When a customer runs their own stopwatch on a call and sees 2 minutes and 14 seconds, but your invoice shows 3 minutes, they feel overcharged. It doesn't matter that the difference is explained by rounding rules, connection setup time, and multichannel processing. From the customer's perspective, the numbers don't add up.

This is especially acute in Voice AI because the end users' businesses deploying AI agents are often metering-aware. They're tracking their own usage internally. They have dashboards showing call durations. When those numbers don't match your invoice, the first instinct is to suspect your billing, not question the definition of a minute.

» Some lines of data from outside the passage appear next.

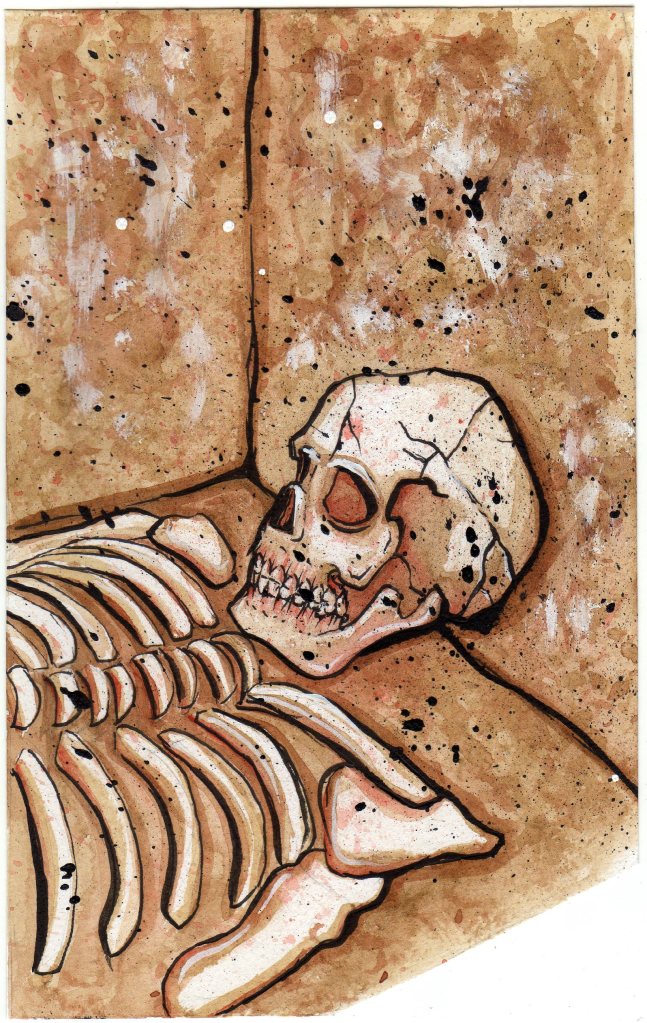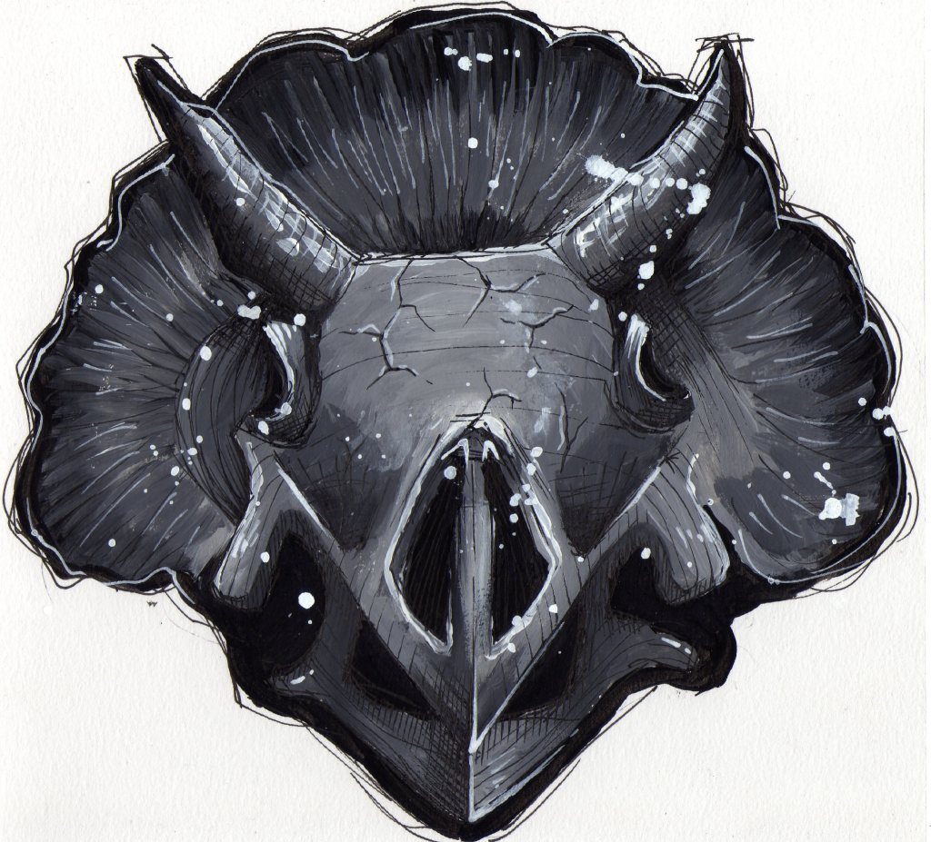 The curving shapes and intricate details really drew me to the Triceratops skull and the human skeleton. For the skeleton, I used watercolour and ink. For the skull, I used acrylic paints and fine liners for detail. I was learning how to create rough but refined paintings quickly, letting go of fixating on every detail.
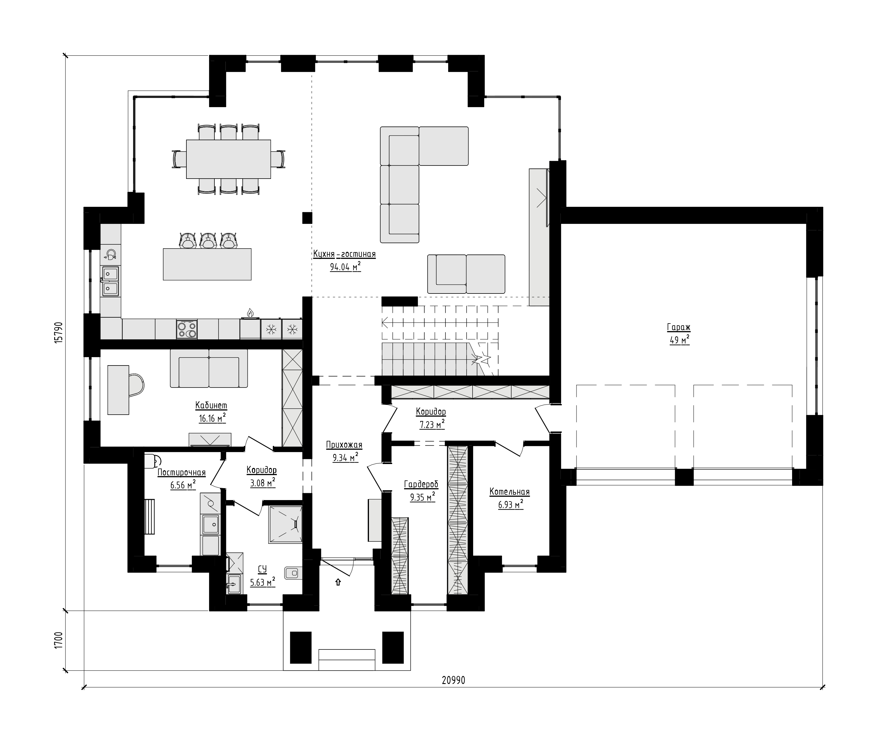 - Устройство инженерных сетей внутри дома (включая котельное оборудование, вводные и распределительные устройства электропитания)
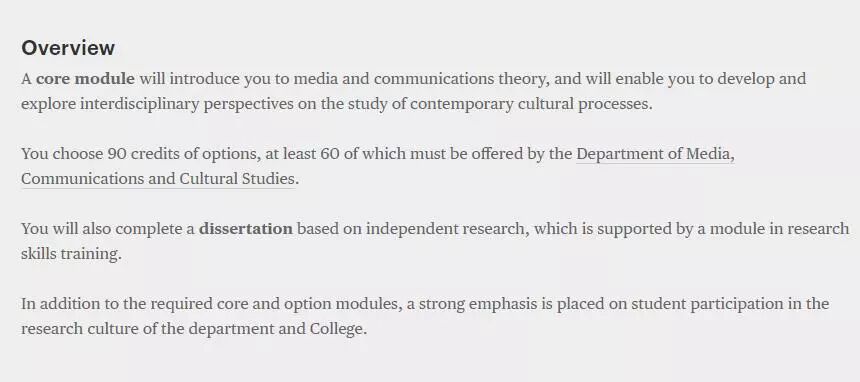基本要求:具有人文或社会科学相关专业背景,或具有媒体和传播领域专业经验的其他学位;GPA达到80分以上;2:1或同等学历的社会科学;在特殊情况下,可能会考虑只有专业经验没有学科背景的申请者;雅思总分不低于7.0,单项不低于6.5。

The most transparent Voice AI platforms address this directly. They publish their metering methodology: how they define a billable minute, whether silence is included, what rounding rules they use, and how multi-channel calls are handled. This doesn't eliminate questions, but it provides a clear vision to support teams when customers ask.

Some platforms go even further and show both the raw duration and the billable duration on every invoice line item. This level of transparency requires more sophisticated billing infrastructure, but it dramatically reduces billing-related support tickets and builds long-term customer trust.

The provider switching dilemma

There's one more dimension to the per-minute problem that's worth addressing: what happens when you switch providers?

  • The Voice AI infrastructure market is moving fast

  • New STT models launch every few months

  • TTS quality keeps improving

  • Pricing keeps changing

  • Most platforms will switch at least one provider in their stack within the first 18 months.

When you switch from Provider A, which strips silence and bills per second, to Provider B, who includes silence and rounds to the nearest 6-second increment, your internal cost per call changes, even if Provider B's listed rate is lower.

If your billing system hardcodes assumptions about how the upstream provider meters, a provider switch becomes a billing migration. You need to re-model your margins, potentially update customer pricing, and definitely recalibrate your reconciliation logic.

The alternative is building a metering abstraction layer from the start, where your system captures raw events, the provider adapter translates them into your internal unit, and your pricing engine operates on the internal unit. Provider switches happen at the adapter layer without touching pricing or invoicing.

This is more work upfront, but it's the difference between a provider switch taking a day versus a month.

What this means for your billing infrastructure

If you are basically building in the Voice AI space, whether at the infrastructure layer or the orchestration layer, the per-minute inconsistency creates concrete billing requirements:

  • Track raw usage independently of pricing

Your metering system should capture the actual duration, the provider-reported duration, and the billable duration as three separate fields. This gives you the audit trail you need when the numbers don't match.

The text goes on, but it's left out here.